- [PROBLEM STATEMENT]
Write out the stretch of lines below that begins at the line with "Lima kamera belakang" and ends at the line with "Прочность и надежность", including both, exactly as given and nothing more.

Stored records

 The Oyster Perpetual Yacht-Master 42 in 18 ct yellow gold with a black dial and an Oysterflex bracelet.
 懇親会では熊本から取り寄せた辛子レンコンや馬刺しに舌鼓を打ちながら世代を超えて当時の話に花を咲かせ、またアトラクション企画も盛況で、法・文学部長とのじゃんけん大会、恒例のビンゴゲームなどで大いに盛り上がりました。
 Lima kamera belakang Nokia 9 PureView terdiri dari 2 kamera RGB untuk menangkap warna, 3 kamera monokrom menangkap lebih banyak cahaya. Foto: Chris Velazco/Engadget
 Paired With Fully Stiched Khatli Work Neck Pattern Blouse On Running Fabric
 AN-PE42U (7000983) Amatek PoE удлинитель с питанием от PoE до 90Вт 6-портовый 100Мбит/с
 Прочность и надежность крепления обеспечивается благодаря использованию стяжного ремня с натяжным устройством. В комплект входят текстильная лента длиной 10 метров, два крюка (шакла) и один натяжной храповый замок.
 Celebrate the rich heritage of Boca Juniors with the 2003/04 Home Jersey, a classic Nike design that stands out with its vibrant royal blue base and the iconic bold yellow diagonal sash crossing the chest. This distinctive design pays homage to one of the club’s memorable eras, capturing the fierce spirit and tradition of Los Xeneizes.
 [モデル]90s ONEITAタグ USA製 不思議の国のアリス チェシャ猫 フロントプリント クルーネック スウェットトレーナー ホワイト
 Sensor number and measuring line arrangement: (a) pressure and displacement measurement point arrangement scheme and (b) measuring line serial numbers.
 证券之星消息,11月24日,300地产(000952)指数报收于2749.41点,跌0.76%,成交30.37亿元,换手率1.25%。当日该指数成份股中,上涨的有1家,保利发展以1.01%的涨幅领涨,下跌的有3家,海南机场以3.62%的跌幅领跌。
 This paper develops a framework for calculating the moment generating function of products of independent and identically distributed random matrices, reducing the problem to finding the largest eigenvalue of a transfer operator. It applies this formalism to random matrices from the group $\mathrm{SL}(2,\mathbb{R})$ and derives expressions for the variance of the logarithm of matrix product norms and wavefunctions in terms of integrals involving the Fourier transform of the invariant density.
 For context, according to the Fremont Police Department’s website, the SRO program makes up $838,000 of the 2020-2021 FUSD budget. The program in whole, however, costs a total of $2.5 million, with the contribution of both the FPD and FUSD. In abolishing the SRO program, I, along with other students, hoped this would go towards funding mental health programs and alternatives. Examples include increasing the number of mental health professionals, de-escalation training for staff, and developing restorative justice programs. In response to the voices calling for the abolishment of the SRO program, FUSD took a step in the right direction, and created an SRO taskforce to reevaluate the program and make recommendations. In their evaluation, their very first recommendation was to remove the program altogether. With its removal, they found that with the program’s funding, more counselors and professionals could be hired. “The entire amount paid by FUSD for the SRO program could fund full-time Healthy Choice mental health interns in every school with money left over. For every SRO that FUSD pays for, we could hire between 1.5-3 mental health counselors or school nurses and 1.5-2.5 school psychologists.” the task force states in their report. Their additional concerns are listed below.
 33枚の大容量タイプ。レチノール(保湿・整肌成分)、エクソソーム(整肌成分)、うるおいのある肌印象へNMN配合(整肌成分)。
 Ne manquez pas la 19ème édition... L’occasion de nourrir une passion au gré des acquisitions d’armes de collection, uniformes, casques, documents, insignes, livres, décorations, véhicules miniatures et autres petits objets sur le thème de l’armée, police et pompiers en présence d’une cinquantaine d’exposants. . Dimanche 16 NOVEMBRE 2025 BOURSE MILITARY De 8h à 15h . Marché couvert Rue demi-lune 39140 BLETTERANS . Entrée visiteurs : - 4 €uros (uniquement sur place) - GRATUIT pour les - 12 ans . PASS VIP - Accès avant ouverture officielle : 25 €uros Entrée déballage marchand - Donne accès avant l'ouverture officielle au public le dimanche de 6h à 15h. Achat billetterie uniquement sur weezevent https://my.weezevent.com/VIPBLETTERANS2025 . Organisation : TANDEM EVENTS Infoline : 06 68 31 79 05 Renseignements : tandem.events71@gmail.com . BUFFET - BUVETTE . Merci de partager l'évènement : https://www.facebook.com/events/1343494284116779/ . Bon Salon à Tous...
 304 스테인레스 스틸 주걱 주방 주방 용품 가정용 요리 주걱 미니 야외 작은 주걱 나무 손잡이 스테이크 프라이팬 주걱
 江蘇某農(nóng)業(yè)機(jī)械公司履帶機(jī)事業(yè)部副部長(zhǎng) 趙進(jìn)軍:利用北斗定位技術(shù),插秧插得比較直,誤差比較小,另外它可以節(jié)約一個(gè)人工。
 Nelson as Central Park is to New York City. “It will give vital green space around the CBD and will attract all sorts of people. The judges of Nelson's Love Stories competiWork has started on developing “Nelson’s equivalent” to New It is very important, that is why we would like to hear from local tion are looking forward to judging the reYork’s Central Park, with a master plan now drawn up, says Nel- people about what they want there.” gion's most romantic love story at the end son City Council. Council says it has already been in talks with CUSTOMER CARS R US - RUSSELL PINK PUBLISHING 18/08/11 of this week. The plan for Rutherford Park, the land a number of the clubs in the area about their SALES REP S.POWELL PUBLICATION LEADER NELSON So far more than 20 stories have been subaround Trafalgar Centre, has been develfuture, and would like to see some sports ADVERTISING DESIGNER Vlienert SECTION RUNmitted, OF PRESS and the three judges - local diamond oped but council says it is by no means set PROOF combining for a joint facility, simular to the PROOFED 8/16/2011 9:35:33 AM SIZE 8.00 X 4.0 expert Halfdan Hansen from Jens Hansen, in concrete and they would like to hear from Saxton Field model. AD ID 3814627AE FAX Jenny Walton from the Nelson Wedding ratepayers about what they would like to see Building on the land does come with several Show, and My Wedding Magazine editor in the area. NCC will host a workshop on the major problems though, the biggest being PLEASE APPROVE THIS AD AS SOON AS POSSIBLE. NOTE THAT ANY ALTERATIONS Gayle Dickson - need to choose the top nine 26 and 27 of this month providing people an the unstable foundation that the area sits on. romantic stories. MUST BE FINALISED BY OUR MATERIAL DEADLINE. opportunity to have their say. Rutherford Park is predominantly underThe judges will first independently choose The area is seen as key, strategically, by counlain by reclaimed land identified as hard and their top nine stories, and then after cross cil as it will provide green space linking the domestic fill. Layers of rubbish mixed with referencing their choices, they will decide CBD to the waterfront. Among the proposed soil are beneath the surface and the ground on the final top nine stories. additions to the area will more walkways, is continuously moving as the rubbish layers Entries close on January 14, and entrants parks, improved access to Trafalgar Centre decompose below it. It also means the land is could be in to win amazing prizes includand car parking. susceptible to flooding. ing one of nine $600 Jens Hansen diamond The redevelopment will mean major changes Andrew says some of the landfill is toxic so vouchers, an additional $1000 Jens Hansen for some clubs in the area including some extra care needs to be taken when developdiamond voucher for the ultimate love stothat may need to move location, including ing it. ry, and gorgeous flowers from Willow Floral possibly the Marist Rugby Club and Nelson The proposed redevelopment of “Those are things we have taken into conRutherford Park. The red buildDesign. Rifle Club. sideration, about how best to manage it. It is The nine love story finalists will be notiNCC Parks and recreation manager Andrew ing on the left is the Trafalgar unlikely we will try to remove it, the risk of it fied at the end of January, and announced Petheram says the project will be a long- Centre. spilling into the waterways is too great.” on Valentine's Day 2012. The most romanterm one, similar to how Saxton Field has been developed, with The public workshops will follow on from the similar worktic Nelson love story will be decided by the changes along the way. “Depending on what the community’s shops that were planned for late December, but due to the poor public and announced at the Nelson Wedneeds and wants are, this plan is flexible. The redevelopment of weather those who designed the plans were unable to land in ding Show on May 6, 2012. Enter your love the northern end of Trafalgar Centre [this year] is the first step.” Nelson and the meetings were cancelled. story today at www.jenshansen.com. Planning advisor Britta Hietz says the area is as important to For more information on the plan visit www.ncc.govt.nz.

- [RESPONSE TO THIS TASK]
 Lima kamera belakang Nokia 9 PureView terdiri dari 2 kamera RGB untuk menangkap warna, 3 kamera monokrom menangkap lebih banyak cahaya. Foto: Chris Velazco/Engadget
 Paired With Fully Stiched Khatli Work Neck Pattern Blouse On Running Fabric
 AN-PE42U (7000983) Amatek PoE удлинитель с питанием от PoE до 90Вт 6-портовый 100Мбит/с
 Прочность и надежность крепления обеспечивается благодаря использованию стяжного ремня с натяжным устройством. В комплект входят текстильная лента длиной 10 метров, два крюка (шакла) и один натяжной храповый замок.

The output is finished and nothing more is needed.